Nature Identical Compounds (NICs) are the chemically synthesised pure active principles of EOs and belong to a variety of chemical classes. NICs are considered promising compounds due to their antibacterial activity both alone and in combination with conventional antibiotics, as well as due to their antioxidant activities (Hammer et al. Citation1999; Zyl et al. Citation2006; Giovagnoni et al. Citation2019). In addition, they can be very advantageous, compared to essential oils, for a possible commercial application thanks to their lower costs as well as their ease of use in experimental studies (García Beltrán and Esteban Citation2022).
Due to their chemical characteristics, to be included in commercial feeds, EOs and NICs must be adsorbed or emulsified using carriers. Non-ionic surfactants such as polysorbates represent valid alternatives to this scope (Simoni et al. Citation2020). However, the interaction of both EOs and NICs with carriers may alter their antimicrobial activity (AAc), as reported by several authors (Remmal et al. Citation1993; Pavoni et al. Citation2020). The European Food Safety Authority (EFSA) reported that Tween 20 is an effective feed emulsifier that promotes and maintains the homogeneous distribution of feed materials and/or additives in feedstuffs (European Food Safety Authority Citation2005). The safety of Tween 20 for oral administration was confirmed at a maximum daily exposure of 0-25 mg/kg of body weight/day (Hazardous Substances Data Bank (HSDB), Citation2023). Consequently, its use in feed seems a possible option.
Based on the above, it appears that the profitable use of EOs and NICs can be influenced by several factors, including variability in composition, stability over time, and the carrier employed for their inclusion in animal feeds and products for animal treatments.
The aim of the present study was to evaluate the stability over time of the AAc of eight EOs of known composition and five NICs, alone and in combination with Tween 20, on four major bacterial livestock pathogens, namely E. coli, S. Typhimurium, S. aureus and MRSA, providing information for their proper use in feedstuff or products for livestock animals.
Materials and methods
Products tested
The Tween 20 emulsifier was provided by Sigma Aldrich (batch n. S7922284015).
Essential oils
The tested EOs and NICs were provided by Biotrade of Malavasi Claudio S.N.C. (Mirandola, MO, Italy). Eight EOs were tested in this study: Melaleuca alternifolia leaf oil (tea tree EO, trade code OE5370), Menthae piperitae aetheroleum herb oil (peppermint EO, trade code - t.c. - OE0228), Origanum vulgare leaf oil (oregano Spain EO, t.c. OE0375), Cinnamomum zeylanicum leaf oil (cinnamon Ceylon leaf EO, t.c. OE0576), Eugenia caryophyllus bud oil (clove bud EO, t.c. OE0898), Thymus vulgaris leaf oil (thyme EO, t.c. OE0969), Lavandula angustifolia herb oil (lavender altitude EO, t.c. OE0985) and Rosmarinus officinalis leaf oil (rosemary EO, t.c. OE1318).

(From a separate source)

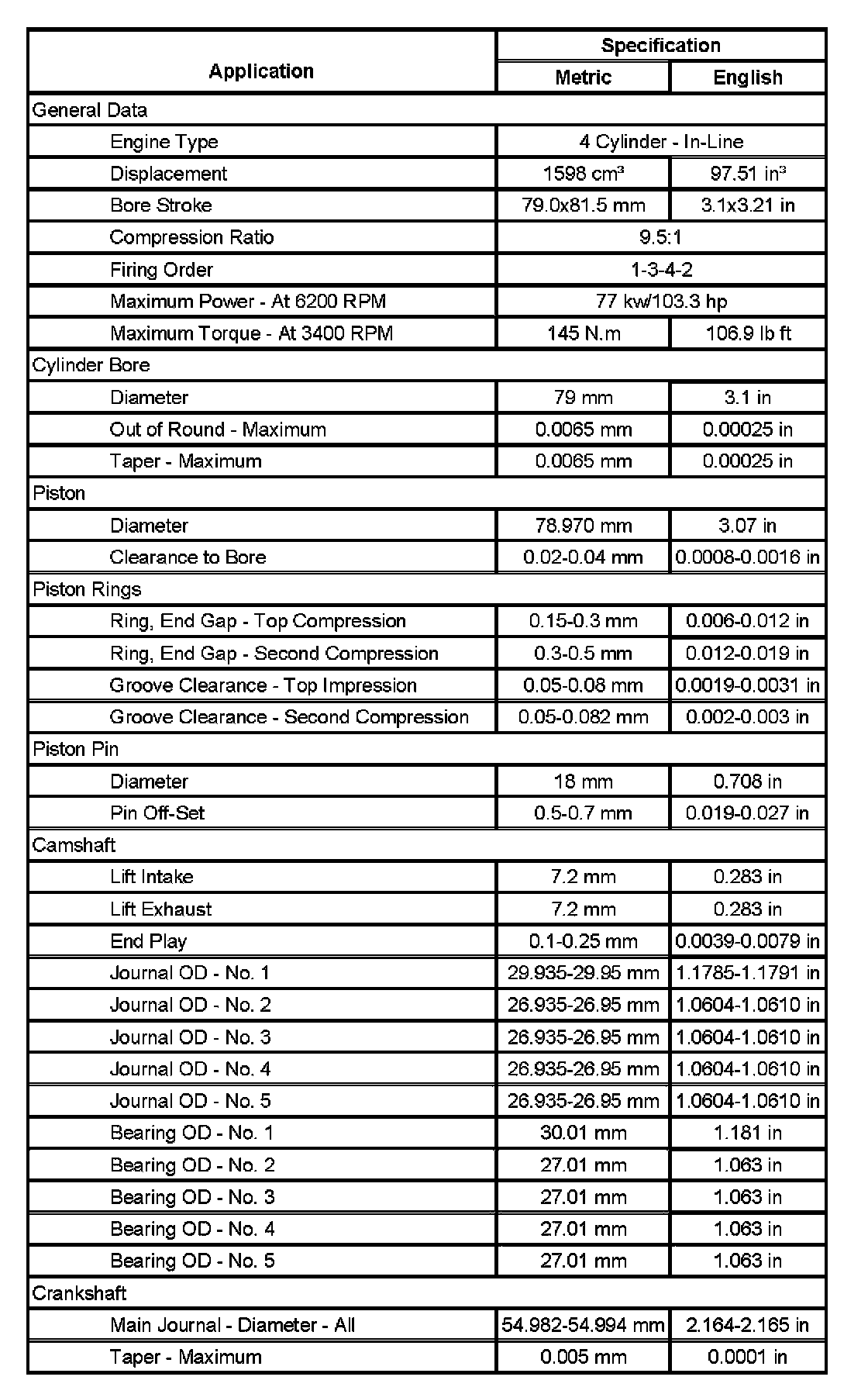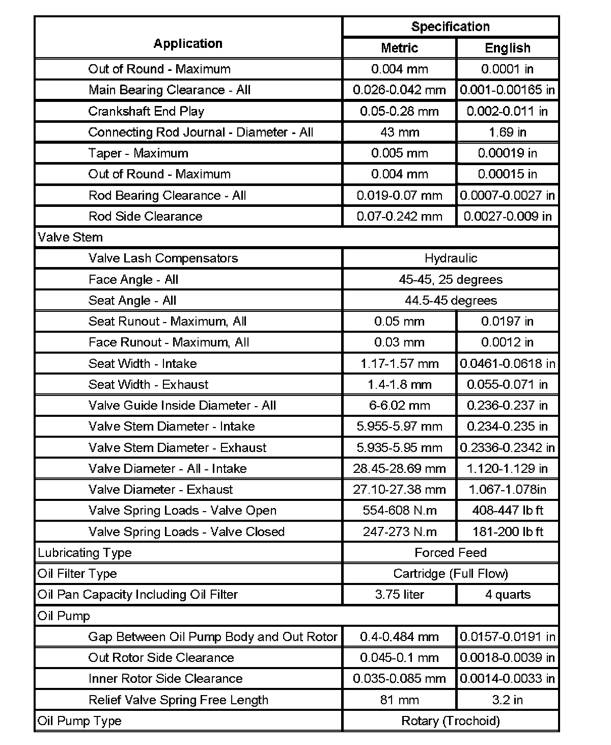 Engine Mechanical Specifications

Nature identical compounds
The NICs tested were 5 and included Carvacrol – code S0404041; Cinnamic aldehyde – code S0400710; Terpineol – code S0400648; Thymol – code S0400715; Menthol – code S0401789.
Gas chromatographic analysis of EOs
For EOs characterisation, after a preliminary steam distillation extraction lasting four hours and performed using a Clevenger apparatus, the procedure reported by Mongelli et al. (Citation2016) was applied. Briefly, samples were analysed through a Thermo Scientific (SanJose, CA, USA) TRACE 1300 gas-chromatograph coupled to a Thermo Scientific ISQTM Single Quadrupole mass spectrometer. The gas-chromatograph was equipped with Supelcowax 10 (30 m × 0.25 mm, f.t. 0.25 μm) (Supelco, Bellefonte, PA, USA) capillary columns; helium was used as carrier gas (1 ml min − 1). The temperature gradient started from 50 °C, maintained for 3 min, followed by a rise to the final temperature of 200 ◦C at the rate of 5 °C/min, maintained for 18 min. The injector operated in split modality (ratio 1:20) at 230 °C. The mass spectrometer, equipped with an electron impact source (EI, 70 eV) was set in full scan (from 40 m/z to 500 m/z) acquisition mode, applying a solvent delay time of 4 min. The main volatile compounds were by comparison with reference mass spectra libraries (WILEY275, NBS75K, Adams 2001) and by their calculated Retention Indexes through the application of the Kovats’ formula (KI). A mixture of alkanes (C8–C20) was injected in the GC-MS equipment and analysed under the same conditions described above. In order to determine the linear retention index (LRI) of the components, a manual integration of the gas-chromatographic signals was performed, and the peak areas were compared with the total sum of the areas and expressed in percentage (mean ± sd). The amount of EOs’ active principles was determined through calibration curves built using synthetic standards and expressed as mg/100 mg.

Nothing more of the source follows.